The Friend Zone - Abby Jimenez Page 0,58

Josh.

I had feelings about this, and zero desire to explore them.

So I did with Tyler what I did with most of the shitty things in my life. I put him where I kept my hysterectomy and my childhood—in its own little room.

I tossed Tyler into his storage space, pulled the string on the light bulb, shut the heavy metal door, and latched the lock so I wouldn’t have to look at the things that hurt, and I could go on with my life unaffected.

It was why I didn’t cry. It was how I lived using only the left side of my brain.

But for some reason, compartmentalizing today didn’t seem possible. I knew it the second I saw Josh standing in my living room with Mom. It was like things that happened with Josh couldn’t be locked up. They just smeared all over, messy and impossible to put away.

The feeling was a little terrifying, like I’d lost my defense mechanism and I was naked and unarmed. With Josh’s eyes looking into mine, I was emotionally exhausted and actually a little embarrassed about what happened today—and I didn’t get embarrassed.

The tightness in my throat threatened to turn into crying. Crying. Again. For the second time in as many days. I didn’t even recognize myself anymore.

He put a hand to my cheek as his stare wandered my face, and I was afraid he was going to kiss me. I was afraid because if he did, in that raw moment, I wouldn’t be able to stop him. I had to keep that stuff under control. For both of us. I couldn’t let lines blur.

But the side of his mouth came up into a smile. “You’re hungry. Come on.”

He pulled me into the nearest cafe.

Like, seriously. The nearest one. He didn’t even look at the menu on the easel.

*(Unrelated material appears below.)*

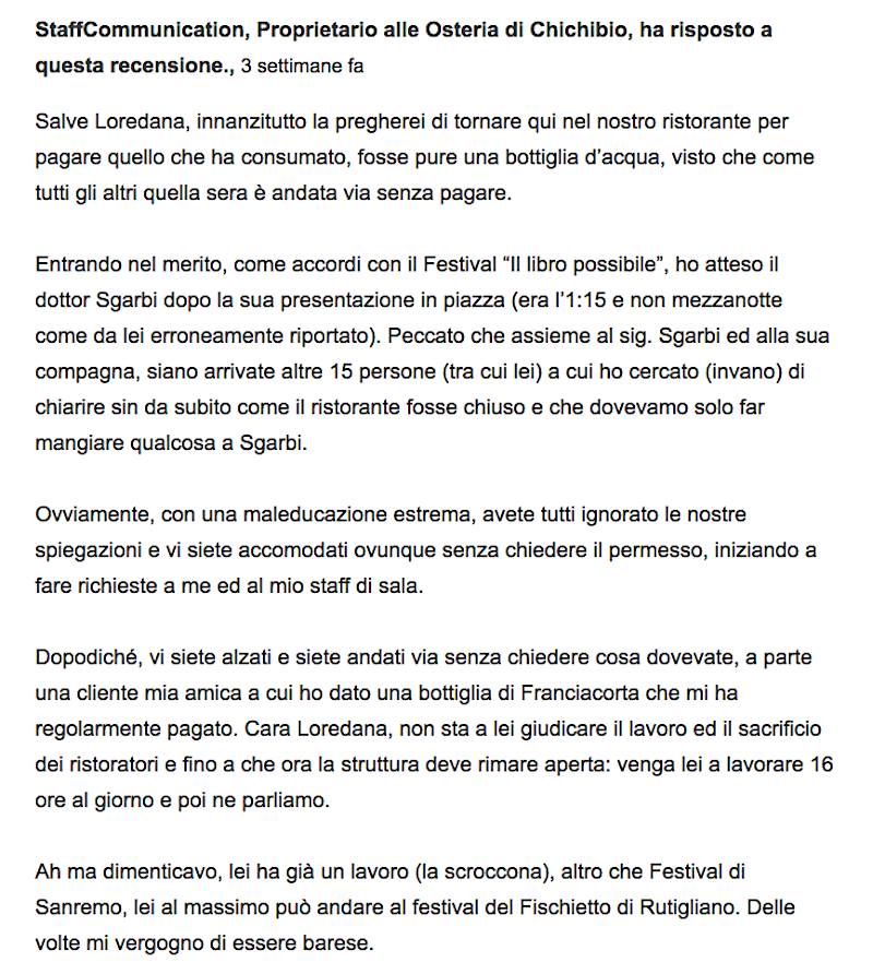 Tripadvisor risposta Chichibio
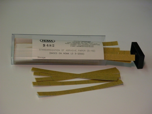 S-42 砂紙 - S-42 砂紙由非常精細的氧化鋁砂粒組成,分級為180 ANSI-CAMI,平均粒徑約為78μm(0.00304英寸)。 為了保持磨損率,必須在規定數量的測試循環(通常為200或500)之后更換砂紙條。常用于高壓裝飾層壓板,木地板,塑料,家具表面,油漆和清漆的磨耗測試。

“What?” I said, horrified as he dragged me inside by the hand. “Aren’t we going to at least check the reviews? What if it only has three stars?”

He held up two fingers to the hostess and turned to me. “You kill me, you know that? On one hand you embrace danger at every turn, and on the other you won’t risk getting bad pancakes. And anyway, I’m buying.”

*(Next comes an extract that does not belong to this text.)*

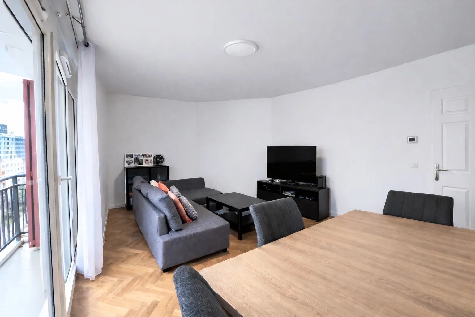 Il bénéficie d'un bon plan composé d'une entrée avec rangements, un séjour-salle à manger sur balcon et une cuisine indépendante avec possibilité d’ouverture permettant de créer une belle pièce de vie d'environ 28 m2. Un espace nuit avec deux chambres et placards, une salle de bains et toilettes séparés avec lave mains.
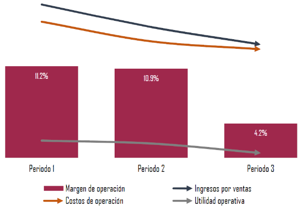 a. Los ingresos por ventas disminuyeron 15% en el periodo 2 y 13% en el periodo investigado, lo que reflejó una reducción de 26% en el periodo analizado. De igual manera, los costos de operación u operativos -entendiendo estos como la suma de los costos de venta más los gastos de operación- disminuyeron 14% en el periodo 2 y 7% en el periodo investigado, dando como resultado una disminución de 20% en el periodo analizado.

I shook my head. “No, I’ll pay for myself. We’re not on a date.”

“I know. Don’t worry—I’m not trying to slip a date past you.” He made a face like the idea was crazy. “I’d just like to buy you breakfast. I like feeding you.”

“Why?”

He grinned at me and put his hands on my shoulders. “Because you’re a lot nicer to me when you’ve eaten. It’s more for me than you, really.”

I cracked a smile and we followed the hostess through the restaurant to a table in a tiny enclosed patio. We had the space all to ourselves.

It was actually a little romantic. Mismatched bistro chairs and reclaimed wood tables with little vases of carnations on them. The patio was full of potted plants. Several fountains trickled along the vine-twisted brick walls that enclosed us. Throw pillows with Aztec patterns in the booths, Christmas lights strung over us. Intimate and lovely.

I was still going to check the reviews though.

Once we’d ordered, Josh started hitting me with questions. I think the brunch from hell was starting to process.

“I don’t think I appreciated my mom enough,” he said, taking the garnishes off his Bloody Mary and sliding them across to me on a napkin. “What was it like growing up with a mom like that?”

I nibbled on the pickle spear. “Like that brunch—but for eighteen years.”

“She reminds me of that lady from that movie…” He snapped his fingers. “The one with Meryl Streep?”

I scoffed. “The Devil Wears Prada? She might be the devil. Nobody’s ever seen them in the same room at the same time before.”

He chuckled and I smiled weakly at him. God, he was my hero. In the last thirty minutes, Josh had done the modern-day equivalent of slaying a dragon. He saved me. Twice. Once from the Ice Queen and then again from starvation.

Food was my currency. Hungry was an emotion for me. I felt that shit in my soul.

I looked at the napkin he gave me. He liked all this stuff—celery, pickles, olives, shrimp. Either my hangry was truly terrifying or he gave it to me because he was taking care of me. He hadn’t eaten yet either. He was hungry too, but he didn’t even keep an olive for himself.